Corriere dello Sport (R.Maida) – Frenesia Roma. Dopo aver vissuto l’atmosfera di uno stadio inglese, peraltro non così confortevole nel caso di Stamford Bridge, la società auspica a breve una svolta importante per il dossier Tor di Valle, aspettando la riunione della conferenza dei servizi della Regione Lazio prevista nella prima decade di novembre. Da Capri, in un insolito venerdì di freddo per l’isola dei faraglioni, Mauro Baldissoni è stato sollecitato sull’argomento stadio a margine del convegno dei giovani di confindustria. «Se avremo l’ok per l’inizio dei lavori entro le prossime due, tre o quattro settimane – spiega il dg della Roma – potremo aprire lo stadio entro la fine della stagione 2020/21. Un ritardo di poche settimane può determinare la perdita della stagione successiva».

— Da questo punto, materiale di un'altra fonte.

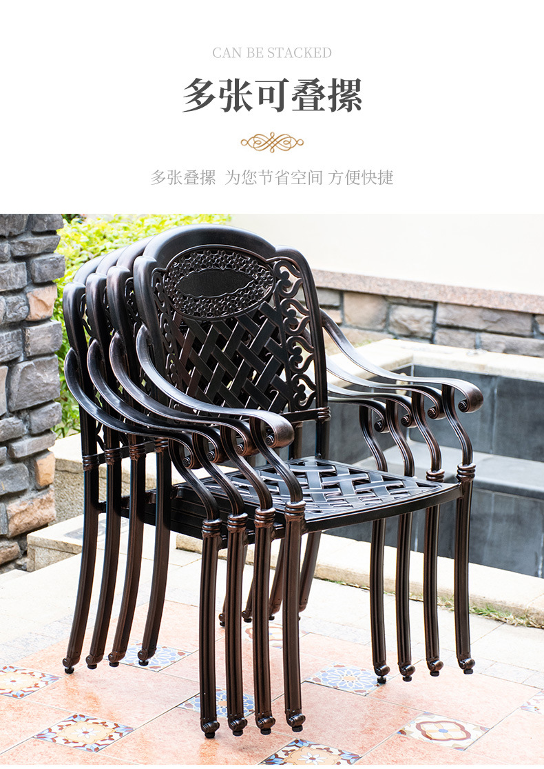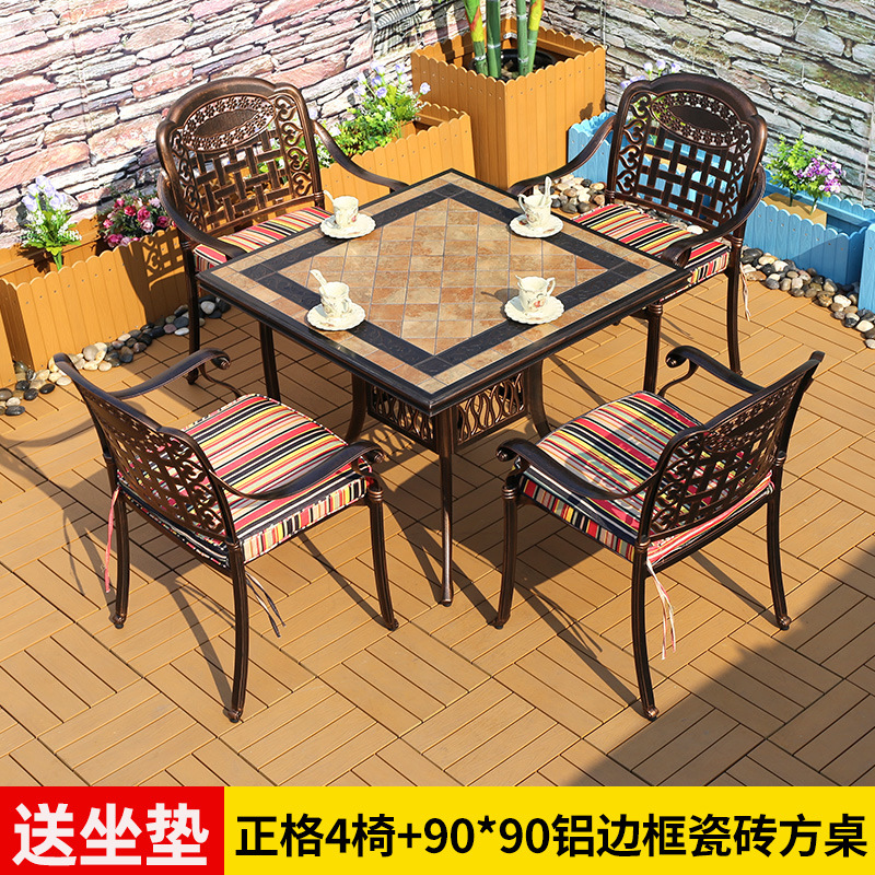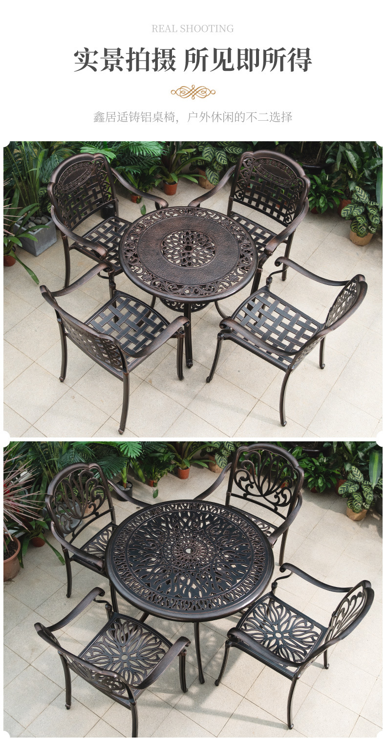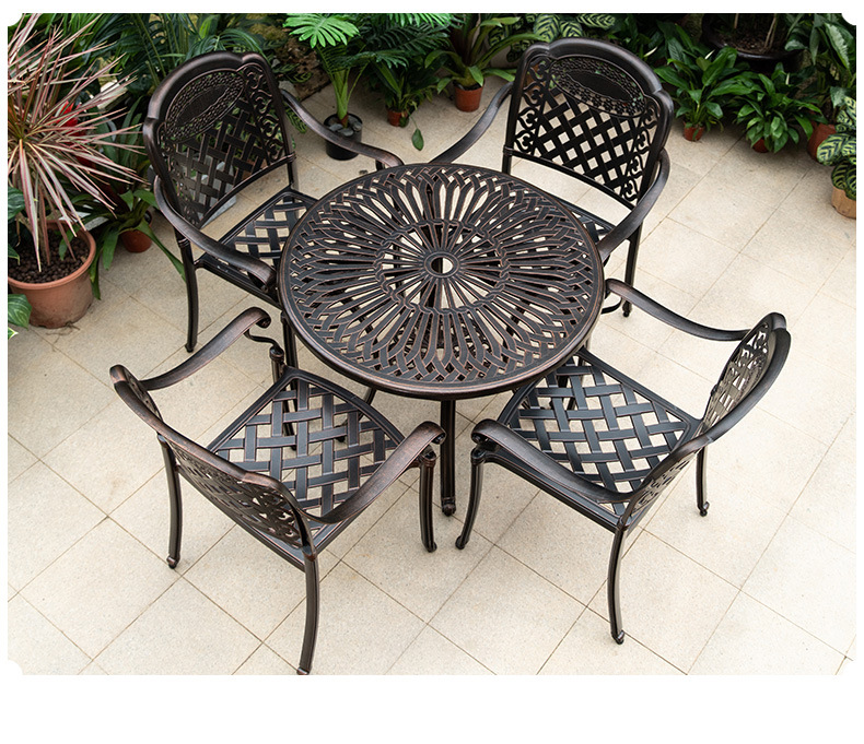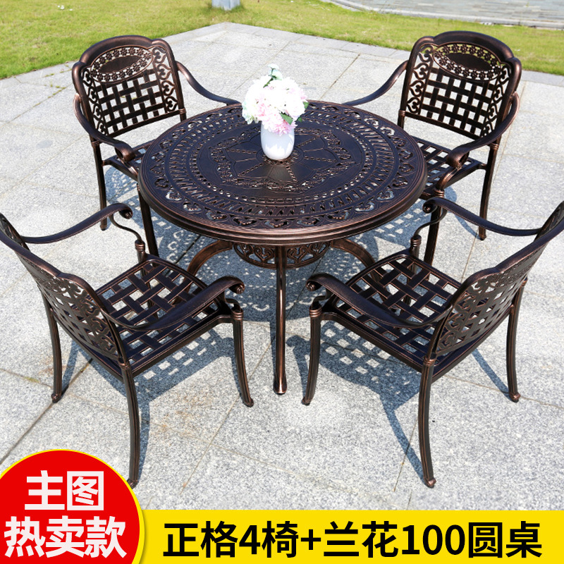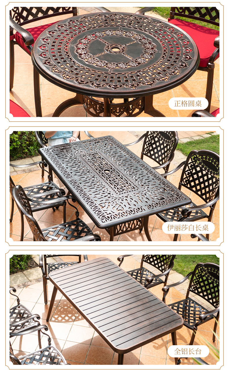야외 테이블과 의자 캐스트 알루미늄 발코니 안뜰 레저 3-5 종 세트 야외 다리미 방수 자외선 차단제 테이블과 의자 조합

FRETTA – Baldissoni insomma chiede di fare presto, convinto che la parte proponente (la Roma e il costruttore Parnasi) abbia fatto tutto quello che era necessario per allineare il progetto alle richieste della conferenza dei servizi, dopo la consegna delle ultime integrazioni avvenuta lunedì scorso: «Gli enti locali stanno lavorando, aspettiamo una risposta, non dipende da noi. Noi crediamo e speriamo che lo stadio si faccia: le nuove infrastrutture sportive sono un’esigenza per il Paese, non solo per la Roma. Ancora non riusciamo a realizzare in modo veloce quello che vogliamo». Se la Regione fornisse un parere favorevole entro poche settimane «apriremmo i cantieri entro il primo trimestre del 2018». Perché prima comunque bisognerebbe coprire il finanziamento per l’opera con i tempi tecnici di stipula dei contratti con le banche e andrebbe ripulito il sito di Tor di Valle, che da anni versa in uno stato di degrado.
CALMA – Dalla Regione però sui tempi frenano. La conferenza dei servizi scadrà il 28 dicembre. E il pool di tecnici impegnati nell’esame del progetto non prevede di pronunciarsi con la velocità che chiede la Roma, visto che le integrazioni sono state consegnate nell’ultimo giorno utile, appunto il 16 ottobre. Anzi, la conferenza dei servizi avrebbe facoltà di chiedere un mese di sospensione per una valutazione più approfondita del dossier e quindi andare oltre dicembre (eventualità al momento non prevedibile). Anche se tutte le parti politiche coinvolte sono concordi nell’idea di arrivare a una soluzione positiva, che consenta alla Roma di costruire lo stadio di proprietà, va chiarito il problema del Ponte di Traiano, che era previsto nel primo progetto e poi era stato eliminato per accontentare la Giunta Raggi che pretendeva una consistente riduzione delle cubature (con conseguente smantellamento di alcune opere pubbiche) per firmare l’accordo di fine febbraio. Adesso, secondo gli accertamenti dei tecnici che poi dovrebbero mettere la firma sulle relazioni e sui vari permessi, è tornata d’attualità la necessità di costruire il suddetto ponte per snellire la viabilità nei giorni delle partite.
CONSEGUENZE – La speranza della Roma è che questo ostacolo venga definitivamente (e rapidamente) eliminato dalla discussione. In caso contrario, andrebbe trovato un nuovo accordo che stabilisca chi debba finanziare la costruzione del ponte. La Roma lo avrebbe realizzato con risorse proprie solo con le cubature del primo progetto. Ora invece chi lo paga?